Miku quells the urge to smack that clipboard right out of his mitts and instead tries a different tactic. "I just don't get it. Psychiatrists are supposed to help. You're not the healing, you're the pain."
Dell glared up at her with a new ferocity. "They figured I could relate to the patients with trauma a bit more. I'm not doing this therapy thing for your poor sick souls, I'm doing this for her. You say I'm the pain? You have no idea."
Miku was dumbfounded for a second. First of all, that was probably the most words she'd heard him string together in one breath. Second, the compulsory question. Who was 'she'?

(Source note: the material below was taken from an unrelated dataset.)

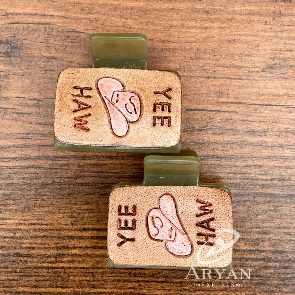Hand Tooled Engraved Leather Mini Hair Claw Clips
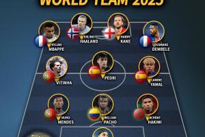 體育資訊12月28日訊 IFFHS(國(guó)際足球歷史和統(tǒng)計(jì)聯(lián)合會(huì))近日公布了2025年年度最佳陣容評(píng)選結(jié)果,姆巴佩、哈蘭德、凱恩、登貝萊等11人入選。

Miku would regret her next paragraph.
"Look, I don't know who 'she' is, but I'm guessing it was your long lost lover or whatever, and you might be all prickly about it because as far as I can tell you're prickly about EVERYTHING, but don't talk down to me like I have no idea what you're experiencing. I watched my boyfriend fling himself on a cliff and shish-ke-bab himself three times. I bet his eye is still there where the rock split his eye socket in half. So don't treat me like I'm four, like some naïve little kid who has no idea how the world works. I do, I really do." To her horror, Miku finds she is crying, again, in front of this man. What is it about him that makes her emotions skyrocket? She was always good at keeping stoic before. She didn't even scream when she saw her boyfriend die, but she can scream at this man as easily as she can open a can of tuna. He was like a catalyst for emotional reactions, a key to the darkest parts of her soul that brought them into light.
When he speaks, she sees with shock that he's taking deep, shuddering breaths, hands clenching his knees, head bowed. He looks almost ashamed.
Until she is confronted with the fire in his crimson irises.
"People are nothing but the sum of their memories," he hisses with barely restrained rage. "Judging by how you act, all those 'horrible' things to happen to you have had no effect at all, not making you humbler or more sensitive or better. You're just a silly spoiled rich girl who doesn't know anything. Maybe you'll find some answers. If not, I look forward to seeing you speared on the nearest cliff, you stupid selfish whore."
They end up jabbing a needle into her skin filled with a numbing drug just to haul her off of him.